Let's say we're talking about a Scrum development team.

A task can be implemented wrong or the implementation may contain unaccetable flaws. If this is discovered near the end of a Sprint the Sprint Goal may not be achieved. So a code review is an important procedure and should be performed as soon as possible from the possible risks' point of view.

On the other hand, if a developer performs a code reviews (of ther developers' tasks) two or more times during a day, then this inflicts a considerable context switching.

In a Scrum team, when should a developer perform a code review of another developer's task?

  • after completing their own task (another developer's task becomes blocked, increased risks)

  • as soon as possible (may inflict a lot of context switching)

  • a policy is required (e.g. a developer performs all code reviews at the end of the day)

I'm inclined to the last option. What is your approach?

3 Answers 3


I think DevOps defines the best practices here: specifically the principle of small batch sizes.

In other words, if the batch sizes (code commits) are small, then the code reviews can be frequent and short.

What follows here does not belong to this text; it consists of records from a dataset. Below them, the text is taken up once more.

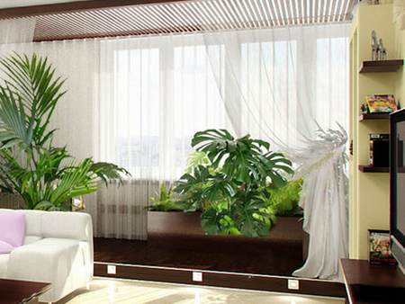 В любом доме или квартире гостиная - самая большая и нарядная комната, в которой собирается вся семья для отдыха и общения. Часто она служит столовой, здесь же принимают гостей. Поэтому гостиная должна быть не только красивой, но и удобной для всех членов семьи и их друзей. Одно из главных правил дизайнеров интерьера - лучше меньше да лучше. Не стоит расставлять много невзрачных мелких цветов по всей комнате. Для начала определите места, где можно разместить 1-2 крупных эффектных растения в напольных кашпо высотой от 1 до 2-2,5 м, в зависимости от высоты потолков. Обычно такое место бывает в углу комнаты недалеко от окна или между предметами мебели. Если места мало, стоит выбрать растения с компактной узкой кроной, не мешающей передвижению. Это может быть филодендрон или сциндапсус на опоре, драцена Маргината (Dracaena Marginata) и т.п.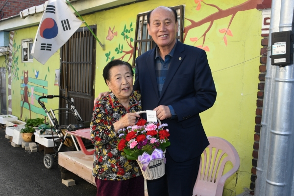 특히 올해는 박형덕 동두천시장이 노인맞춤돌봄서비스 대상자 중 최고령자인 이 어르신 댁을 방문해 카네이션 꽃바구니를 손수 전달하고 어르신의 건강과 장수를 기원했다.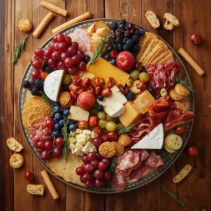 - Color balance: Alternate colors — bright fruits next to neutral cheeses look beautiful.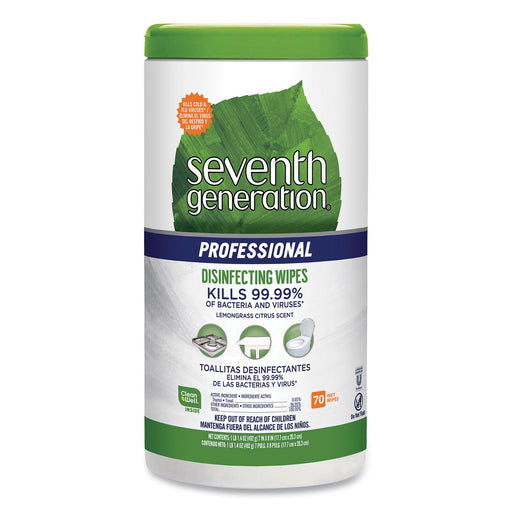 Seventh Generation Disinfecting Multi-Surface Wipes, 8 x 7, Lemongrass Citrus, 70/Canister, 6 Canisters/Carton
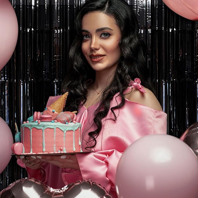 - Birthday Curtain Backdrop:10Pack,Available in pink, white, black and rainbow colors,each curtains size is 3.28 ft x 6.56 ft, enough length foil fringe backdrops are perfect for the door, wall and table,feel free to cut to any length you want.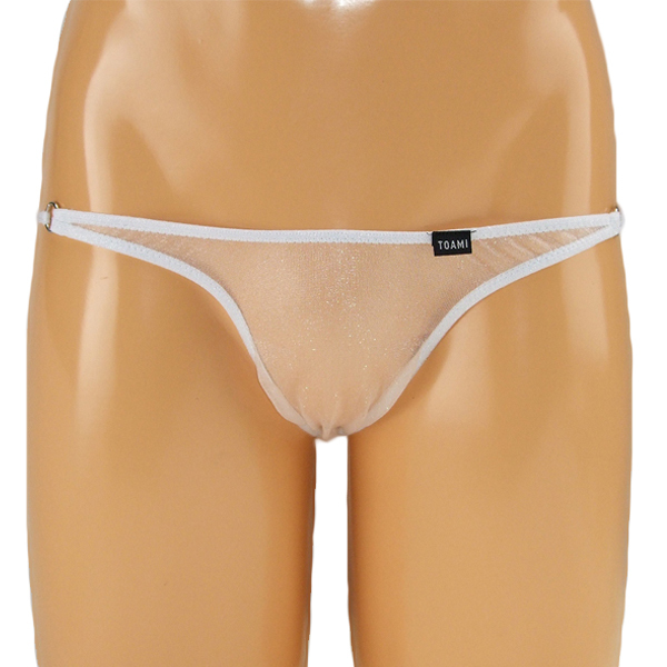 キラキラとした極薄シースルー生地で大胆に魅せるメンズ用オープンショーツ(白)。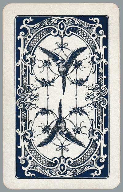 What is curious is that, when one opens a modern pack from Piatnik, one finds that the card designs are in exactly the same order as in the older pack. This suggests that the layout of the designs on the sheet prior to cutting is exactly the same as it was when the older pack was being produced. The back design in dark blue – brown in a modern pack – features two birds with outstretched wings. The booklet is in German only, whereas in a modern pack it is in German, English and French. The tuck box gives the appearance of being older than Jensen¹ suggests. See the box & booklet►

I would live with the frequency because that's more of an Agile thing and it's OK! Build a team culture that supports it. DevOps also tells us to optimize for the success of the team, not the success of the individual developer.

Overall, the key is the small batch sizes because the developers can actually understand what they are looking at and contribute in a meaningful way to the code review process.

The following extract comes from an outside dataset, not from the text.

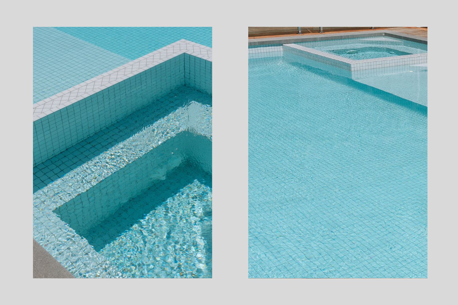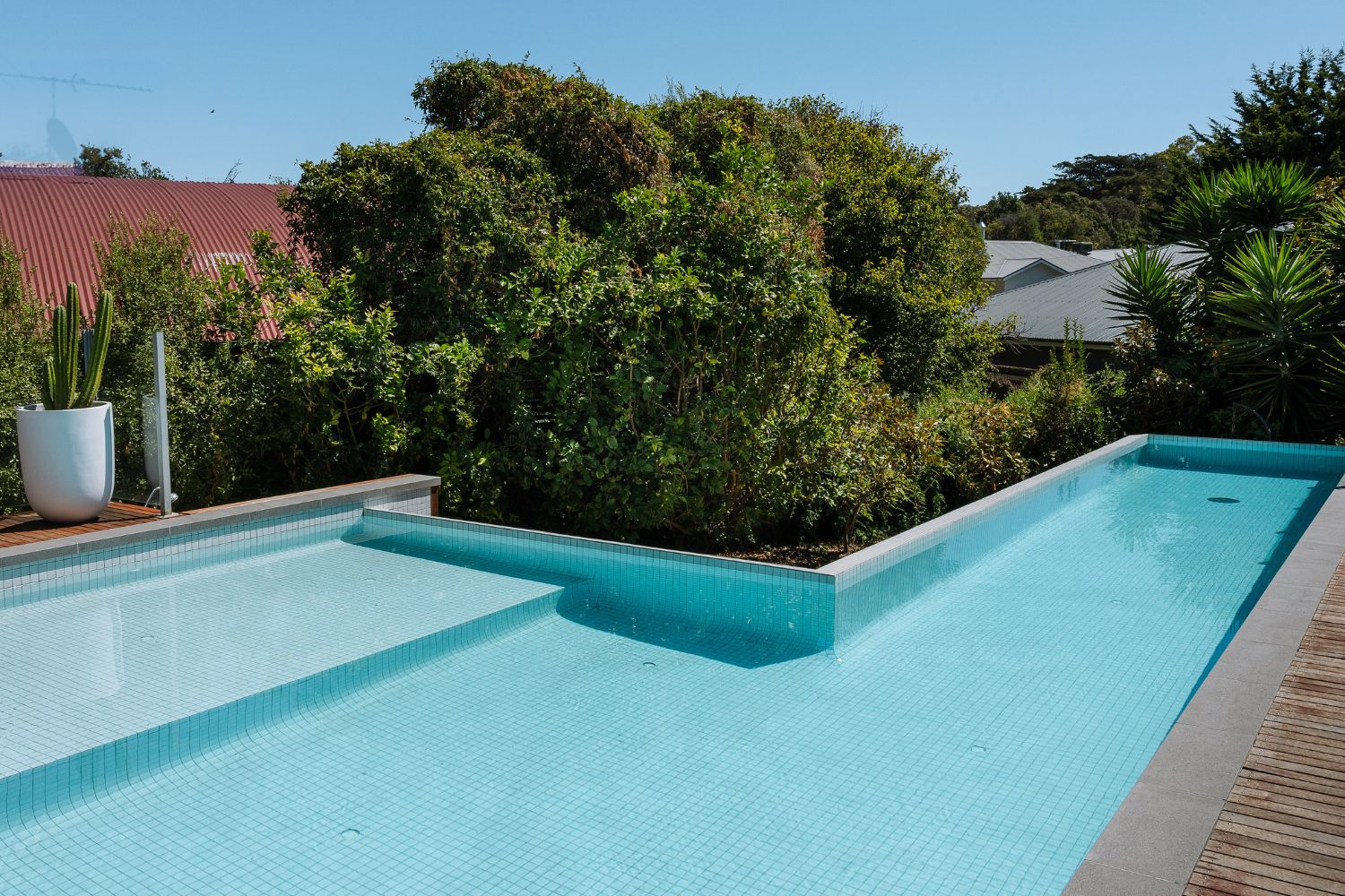 The renovation involved a complete overhaul of the existing pool, which had suffered from structural issues and worn-out finishes. The pool was originally equipped with dark blue tiles that were falling off, a Quartzon interior that had come loose, and coping that was in poor condition. Breeze Pool Projects stripped the pool back and fully tiled it with beautiful 48mm Origami Frost Mint tiles from The Pool Tile Company, giving it a modern and vibrant bluegrey hue. The new Jupiter drop face coping also added a sleek finish to the pool, now squared off for a more contemporary look. The design focuses on both function and style, providing a spacious, entertainer-friendly layout, with a spa and shallow swim-out area perfect for all ages.

For further reading, I highly recommend the indispensable DevOps Handbook.


Here's a link to the relevant section:



Scrum intentionally does not layout exactly how the team will build the product. There are a number of reasons, but most pertinent to this question is that what works for one team may not work for another. Similarly, what works with the tools of the early 2000's may not apply as well today.

One of the reasons we work in iterations is because it gives us the opportunity to refine our process. I would encourage the team to identify what they think may work best, try it, then review. You could even pick 2 or 3 different approaches, try each for a sprint, then reflect on the results.

There is the logical notion that after all of these years, some best practice must have come out. While it is sensible to think this, the truth is that a development team is a complex environment. People have different preferences about how they work, code may be worked on at varying levels of granularity, and many other factors will come into play. Even today, weekly code reviews will work perfectly for one team and pair or mob programming is the solution for another.


I suspect there is no single answer to this question.

Individuals are different. Some may find that doing a code review is a welcome distraction from their coding tasks. Others may struggle with the context switching or may not enjoy doing reviews.

Teams are also different. I can see the nature of code reviews varying depending on many factors including:

  • The nature of the code they are writing
  • The typical size of coding tasks
  • The extent the team uses automated code quality metrics
  • If the team uses pair programming
  • The extent to which the team defines coding standards

My recommendation would be to try different approaches and monitor the results.